An opium den! That sordid yet oddly romantic atmosphere of smoke, dreams and danger! Our beloved Watson leaves the bright comfort of his home to descend, like Orpheus, into the dark underworld of the Lascar’s lair. But unlike Orpheus, Watson finds that good things happen when he looks behind him. Whom should he discover but Sherlock Holmes in disguise, hot on a case, and with a fast horse and trap waiting down the street! Which of us wouldn’t jot a quick note of explanation to the spouse and go along with the great detective?! In a moment: A trio of wandering husbands, a Rascally Lascar, and a vision of mousseline de soie, as we discuss “The Man with the Twisted Lip!”

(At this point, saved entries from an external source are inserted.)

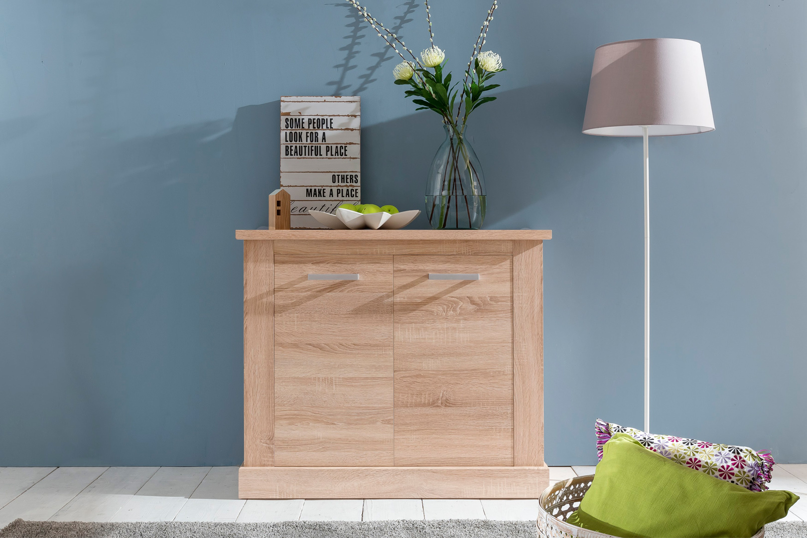 Le meuble de rangement contemporain Zahara vous charmera par ses lignes sobres et son coloris chaleureux. Sa structure est fabriquée en panneaux de particules mélaminés de première qualité. Il se compose de deux portes comprenant 2 étagères intérieures. Pour un ensemble harmonieux, vous pourrez choisir d'associer les autres meubles de la gamme Zahara vendus séparément.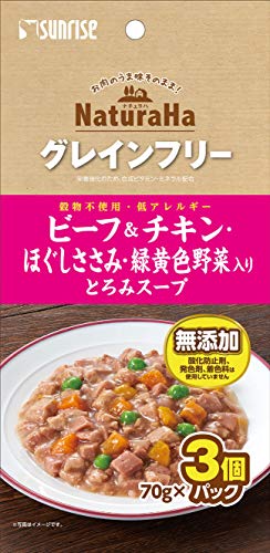サンライズ ナチュラハ グレインフリー ビーフ&チキン・ほぐしささみ・緑黄色野菜入り とろみスープ 70gx3個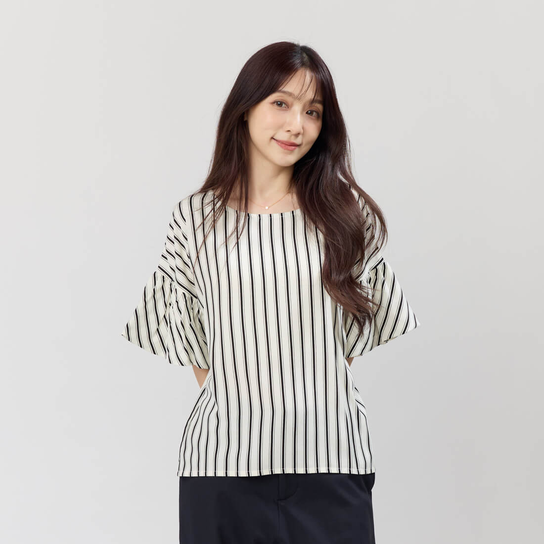 好我 so that's me | Lora荷葉袖圓領寬版上衣 Free 黑白條
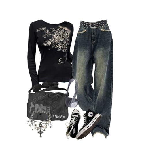 EMMIOL Baggy Jeans Y2k Women Streetwear Jeans Vintage Wide Leg Straight Denim Pants Womens Casual Trousers Dark Grey Price in USA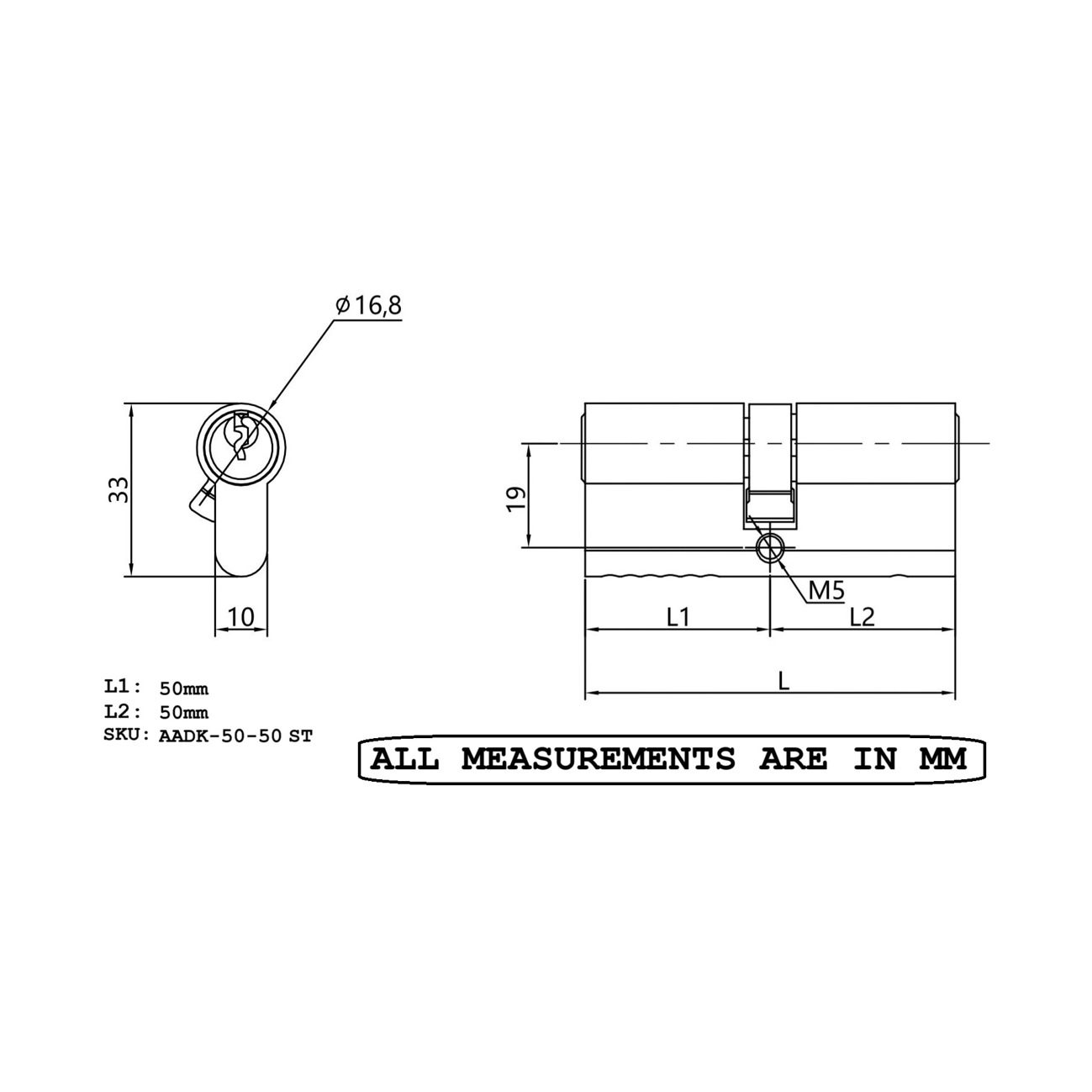 - Each Cylinder includes 1 breakable machine screw M5x80mm for fixing cylinder to multipoint lock case with backset up to 2-3/4" (70mm)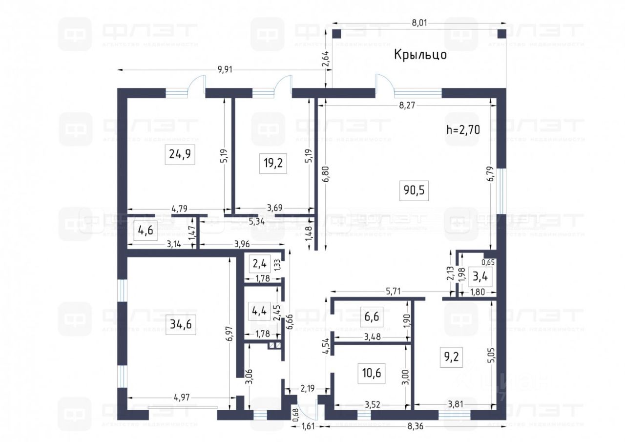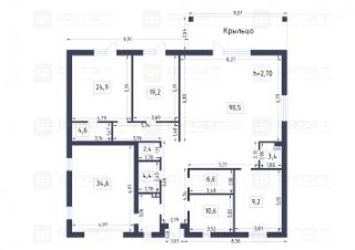 - Кухня-гостиная общей площадью 90,5 кв.м.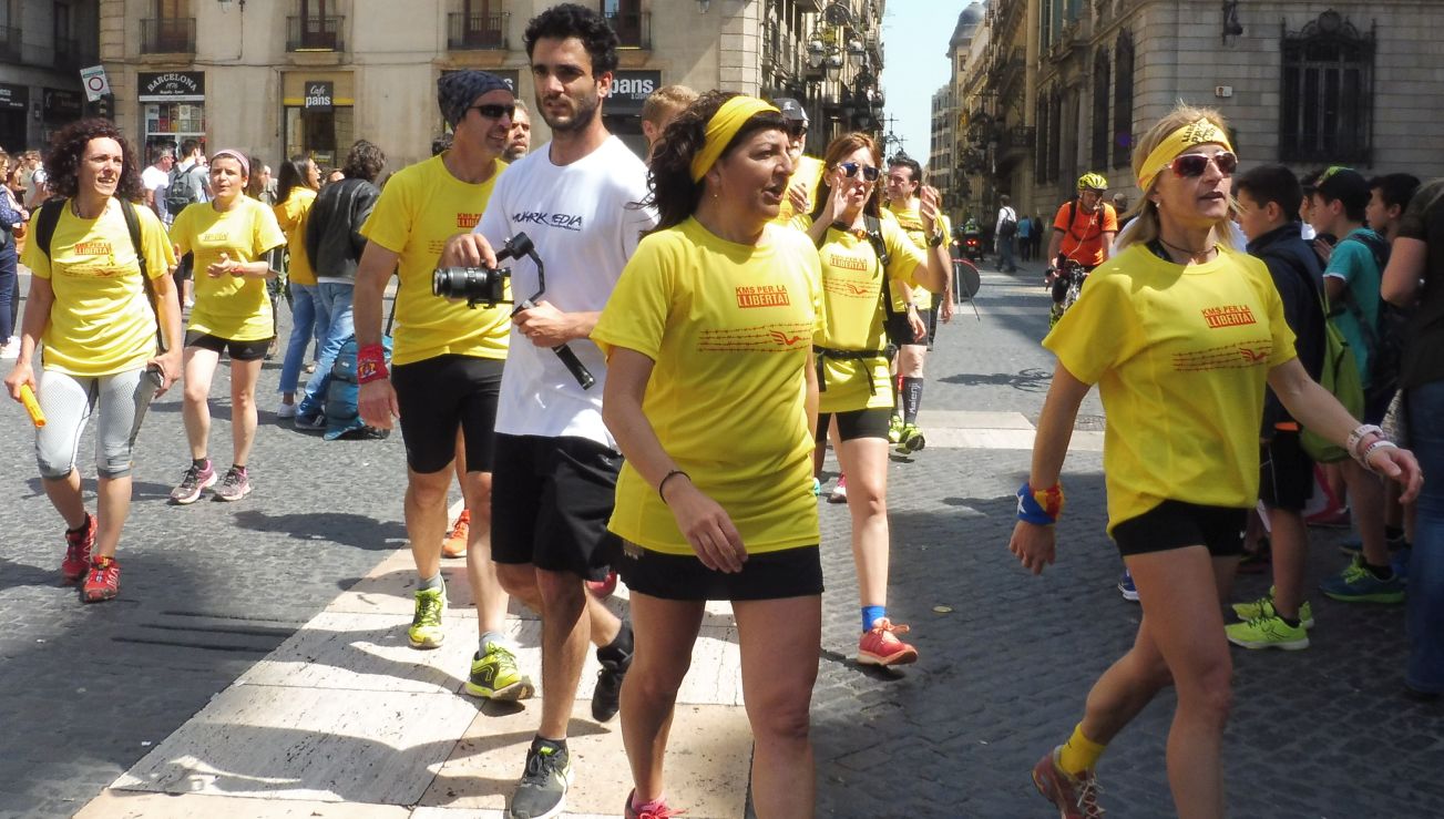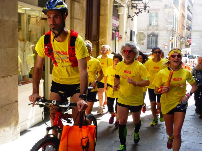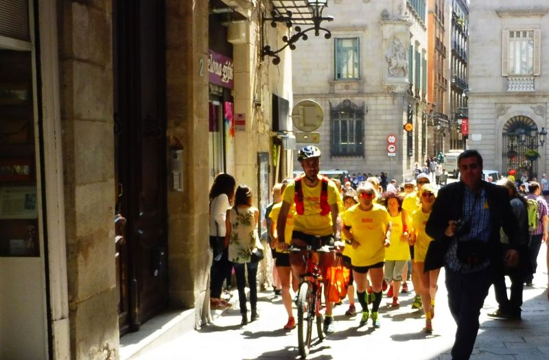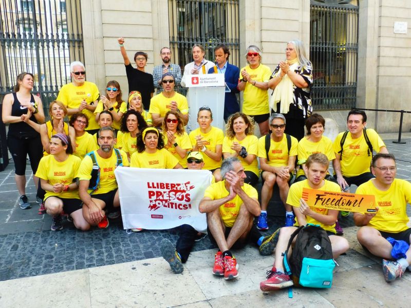 Ahir vam quedar en el moment en que s’inicia KMS per la Llibertat davant del Parlament de Catalunya. El grup que corrien aquest primer tram van anar fins a la plaça Sant Jaume on alguns Regidors de l’Ajuntament de Barcelona els van rebre.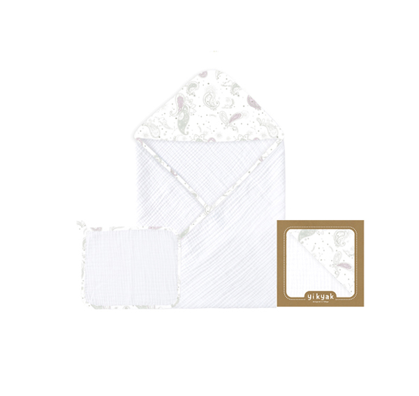 yikyak一體密織紗布連帽浴巾 浪漫滿屋(綠紫)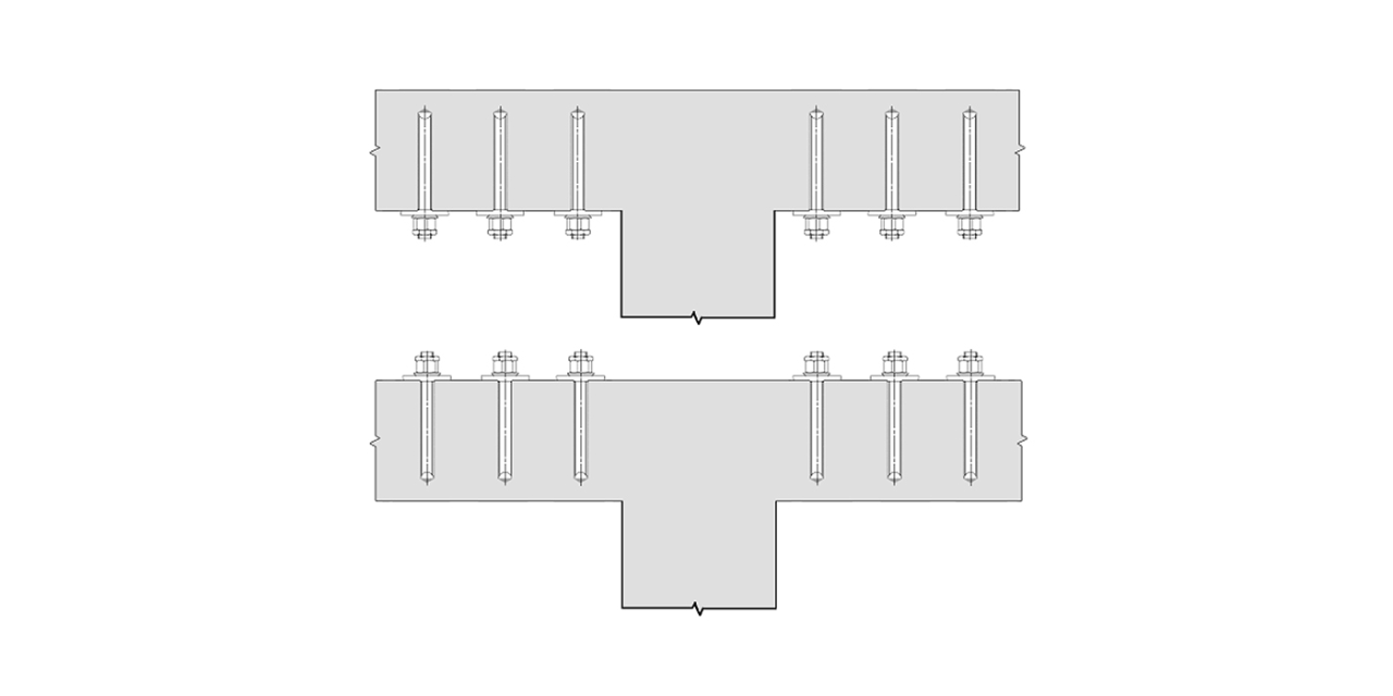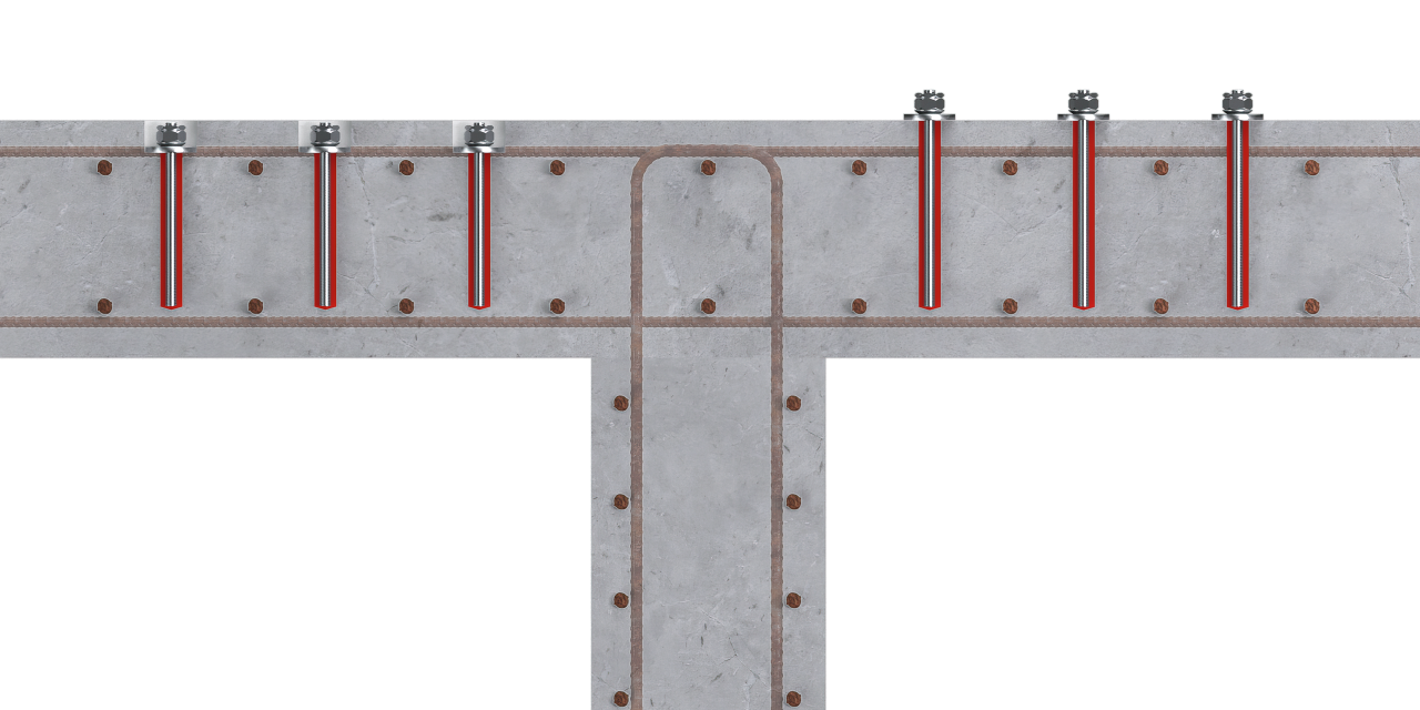 - Vergrösserung der Auflagerflächen durch die Kombination aus HCC-Serie (HCC-K, HCC-B, HCC-HUS4, HCC-U) und nachträglich installierten Bewehrungsstäben.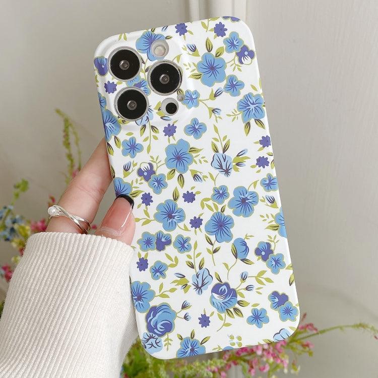 Apple iPhone 12 & 12 Pro Water Sticker Flower Pattern PC Phone Case Cover (White Backgroud Blue Flower)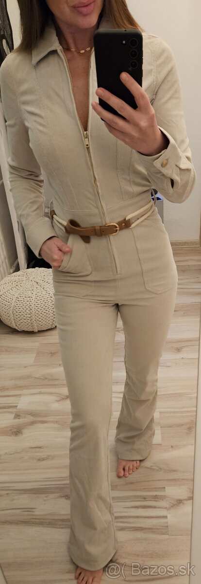 elastanom sedí perfektne,nohavice ma mierne do zvonu v spodnej casti,cena iba 18eur,v ponuke aj cokoladova vesta zateplena bezovou kozusinkou zapinanie na zips strih do pasa,vel.xs aj sedí cena 20eur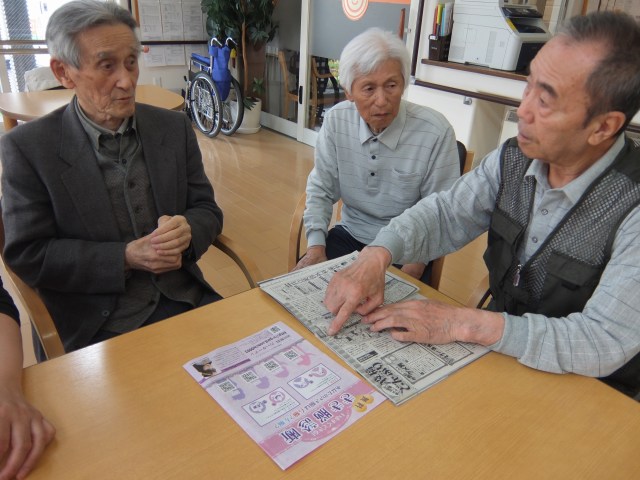 昼食後、男性の利用者様同士、
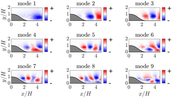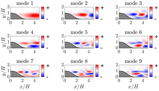Figure 5 and Figure 6 illustrate the streamwise and wall-normal components of the first nine POD modes. The first POD mode captures large-scale fluctuations inside the recirculation region, as extensively discussed in Kourta et al. [39]. In their work, they demonstrated that a low-order reconstruction combining the mean velocity and the first POD mode reveals the flapping motion of the recirculation region. Modes 2 and 3 depict a pair of wave-like turbulent structures in the flow, representing turbulence convection at two orthogonal phases. These modes exhibit the largest-scale turbulent structures primarily residing within the shear layer. Higher-order modes also feature alternating positive/negative structures within the shear layer, albeit with smaller turbulent structures. These turbulent mechanisms, including the vertical flapping motion of the recirculation region and the downstream convection of large-scale coherent structures inside the separated shear layer, align closely with discussions in previous studies such as Cherry et al. [60], Kiya and Sasaki [61], Largeau and Moriniere [62].

A Trusty Comrade: This story begins with a very special sitting room scene: the room is not in 221B Baker Street, and the two people are not Holmes and Watson, but rather Watson and his wife (presumably Mary, in between visits to her mother.) The doorbell rings – is it a client? And why not? Watson tells us that “Folk who were in grief came to my wife like birds to a light-house.” It reminds me of Holmes, whom Watson described as the “unofficial adviser and helper to everybody.” It’s fascinating to think that Watson found some of the same qualities in his wife that he admired in his best friend. Do you think Mary Watson and Sherlock Holmes were similar in any other respects besides their inclination to help people in trouble? (I suspect Holmes never called his friend “James,” at any rate. . . .)
While Mary stayed with Kate Whitney, Watson went alone to the Bar of Gold, and by pure coincidence, this was the very place where Sherlock Holmes happened to be working on his latest case. But was it a coincidence that Watson should have come to the very same opium den? Can any of the Hounds construct a scenario in which Holmes somehow arranged for Kate Whitney to visit the Watsons?
One of the facts I recently discovered when reading the book Opium: A Portrait of the Heavenly Demon, is that the “proper” position for smoking opium – the one that gives the best results – is recumbent, with the head on a small pillow. For Holmes to sit upright to do his smoking would have been noticeable at the least, and a dead giveaway at the worst. Did the Lascar see through Holmes’s disguise? If so, why didn’t Holmes end up as one of the bodies who left the den by way of that notorious trap door to the river?
A Standing Question: Mrs. St. Clair’s doorway appearance in her sheer nightie is a standing joke as well as a standing question among Sherlockians. But are there aspects of this lady which even her mousseline de soie does not reveal? Consider the following facts: Mrs. St. Clair was not afraid to go to London by herself to pick up a parcel from the Aberdeen Shipping Company, even though its office was obviously in a bad part of town. She did not hesitate to open the door of her home to Sherlock Holmes, a man she hardly knew. Nor did she bat an eye when he brought a friend along with him. When she saw her husband’s face at the Lascar’s window, she never hesitated to rush right down into the opium den to come to his rescue. When Holmes asked her if her husband showed any signs of taking opium, she apparently did not need to ask what those signs might be.
Given these facts, how about a few questions: Had Mrs. St. Clair figured out that her husband did not have any regular business contacts in the city, and was she determined to find out where he went and what he did? Was there really a package waiting for her at the shipping company, or did she have some other reason to be in that neighborhood of London? If there was a package for her, what was in it? Did Holmes in fact suspect Mrs. St. Clair of some complicity in her husband’s disappearance? Did he bring Watson back with him to her house in part to see what her reaction would be when he showed up with a second man whom she would at first imagine to be her missing husband? Would Holmes have brought “John” the driver along with him to the Cedars for “protection” if he hadn’t bumped into Watson?